In American Hospital Association v. Becerra, the U.S. Supreme Court held unanimously that if Health and Human Services (HHS) wants to reimburse Section 340B hospitals for certain outpatient prescription drugs provided to Medicare patients at a different rate than other hospitals, it must conduct a survey of hospitals’ drug acquisition costs.  

The Medicare Prescription Drug, Improvement, and Modernization Act of 2003 describes how HHS sets Medicare drug reimbursement rates. Per option 1, if the HHS Secretary “tak[es] into account the hospital acquisition cost survey data” the reimbursement rate is the “average acquisition cost for the drug for that year,” which importantly, the Secretary may “vary by hospital group.” Per option 2, if the Secretary doesn’t conduct a survey, drugs must be reimbursed based on the “average price for the drug” “as calculated and adjusted by the Secretary as necessary.”

HHS has never done a cost survey.

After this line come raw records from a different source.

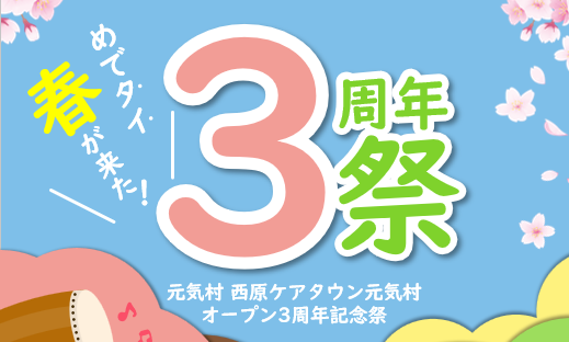 【4月13日(日)】熊本県阿蘇郡西原村「西原ケアタウン元気村」 オープン3周年記念祭を開催!
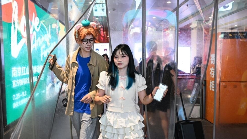 Cosplayer Xu Yunting (L), dressed as a male character from a video game, and Feng Xinyu at a shopping mall during their 'cos commissioning' date in Shanghai © Hector RETAMAL / AFP
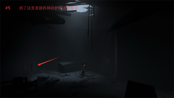 穿过木板,木板会断裂,让你掉到下一个房间。跳过右边的缝隙,然后从建筑右侧的管道爬下去。
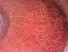 Diagnosis of amyloodiniosis consists of observing typical clinical signs and using nonlethal techniques. A cytological approach by wet mount examinations of skin scrapes and gill biopsies is recommended to detect trophonts. Anaesthetized small-size fish can be directly observed under a stereomicroscope by gently lifting the opercular structure. The same approach can also be adopted for post-mortem fish, though it is better to examine fish that are freshly dead, as parasites often detach shortly after host death.[1][3] Dropping some diluted Lugol’s iodine onto skin or gills can help to improve A. ocellatum detection, since the iodine reacts with the starch-containing trophonts, colouring them in dark brown/black.[1]
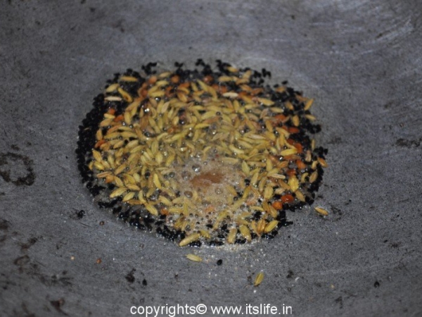 Heat 2 tbsp Oil and add Mustard Seeds, Saunf, Methi, and Kalonji. Add fried Bhindi.
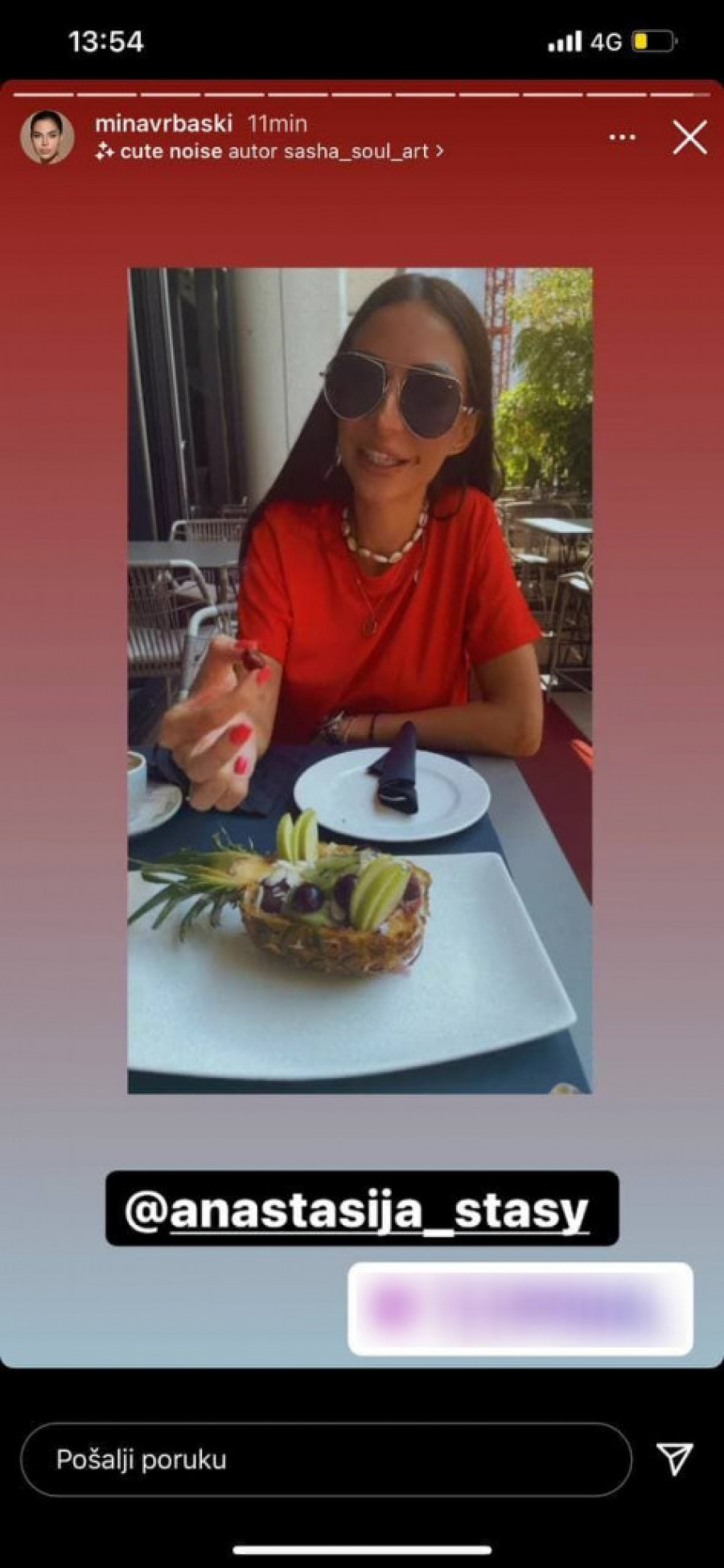 Ipak, danas je Mina vrlo aktivna na društvenoj mreži instagram, te se na njenim storijima može videti da trenutno sedi sa Anastasijom Buđić na skupocenom i luksuznom mestu dok uživaju u ručku, voću i kafi.

Until 2018, HHS followed option 2 and set reimbursement rates for each drug based on the average-sales-price data provided by manufacturers and reimbursed all hospital at the same rates. In 2018, HHS decided to reduce reimbursement rates for 340B hospitals, which generally serve low-income or rural communities.

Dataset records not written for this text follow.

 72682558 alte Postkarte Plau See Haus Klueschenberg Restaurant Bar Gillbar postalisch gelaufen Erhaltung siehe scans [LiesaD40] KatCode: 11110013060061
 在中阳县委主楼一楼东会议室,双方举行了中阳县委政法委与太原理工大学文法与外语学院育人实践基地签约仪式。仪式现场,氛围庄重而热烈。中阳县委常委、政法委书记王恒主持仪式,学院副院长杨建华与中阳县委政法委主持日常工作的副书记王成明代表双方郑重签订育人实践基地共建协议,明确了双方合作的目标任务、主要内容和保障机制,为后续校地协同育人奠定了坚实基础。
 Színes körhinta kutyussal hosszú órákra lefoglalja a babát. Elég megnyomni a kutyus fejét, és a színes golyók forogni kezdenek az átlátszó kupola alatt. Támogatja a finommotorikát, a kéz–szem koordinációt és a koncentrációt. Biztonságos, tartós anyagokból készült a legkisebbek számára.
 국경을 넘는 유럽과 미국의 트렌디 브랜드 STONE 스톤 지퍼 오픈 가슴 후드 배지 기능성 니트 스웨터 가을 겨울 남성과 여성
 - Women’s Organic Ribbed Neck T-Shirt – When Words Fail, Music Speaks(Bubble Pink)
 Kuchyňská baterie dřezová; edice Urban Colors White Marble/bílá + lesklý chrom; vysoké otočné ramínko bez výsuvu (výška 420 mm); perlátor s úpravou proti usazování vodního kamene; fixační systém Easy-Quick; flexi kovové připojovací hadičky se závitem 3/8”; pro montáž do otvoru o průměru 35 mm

Federal law requires drug manufacturers to sell prescription drugs to 340B hospitals at prices below those paid by other hospitals. According to HHS, “the uniform reimbursement rates [under option 2] combined with the discounted prices paid by 340B hospitals for prescription drugs meant that 340B hospitals were able to ‘generate significant profits’ when they provided the prescription drugs to Medicare patients.”

Numerous states and local governments own and operate 340B hospitals. According to the Court, “HHS estimated that the reduction in the reimbursement rates for 340B hospitals would save Medicare (and deprive 340B hospitals of) about $1.6 billion annually, which by law would be re-allocated for other Medicare services.”

HHS argued that per option 2, even if HHS doesn’t conduct the survey, it may still “adjus[t]” the average price “as necessary for purposes of” this statutory provision,” which includes varying drug reimbursement rates for different types of hospitals. The Supreme Court disagreed in a brief opinion written by Justice Kavanaugh.

The Court looked to the text to explain why per option 2, the Secretary can’t vary reimbursement by hospital group. “[Option 2] requires reimbursement in an ‘amount’ that is equal to ‘the average price for the drug in the year.’ The text thus requires the reimbursement rate to be set drug by drug, not hospital by hospital or hospital group by hospital group. The only item that the agency is allowed to adjust is the ‘average price for the drug in the year.’”

The Court also explained that Congress’s option 1 and 2 scheme makes little sense if HHS can skip the survey under option 1 and vary the reimbursement rate by hospital type regardless. “To proceed under option 1 (based on cost) and vary the rate by hospital group, HHS must conduct a survey. In HHS’s view, the agency can decline to conduct a survey and can proceed under option 2, and then can still do everything under option 2 that it could do under option 1—including varying the reimbursement rates by hospital group. So under HHS’s interpretation, the agency would never need to conduct a survey of hospitals’ acquisition costs. But why, then, would Congress have constructed this elaborate statute premised on HHS’s surveys of hospitals’ acquisition costs, including specifying when HHS could vary reimbursement rates by hospital group?”

Finally, HHS argued that the Medicare statute precludes judicial review of the reimbursement rates. The Court disagreed, opining “the detailed statutory formula for the reimbursement rates undermines HHS’s suggestion that Congress implicitly granted the agency judicially unreviewable discretion to set the reimbursement rates.”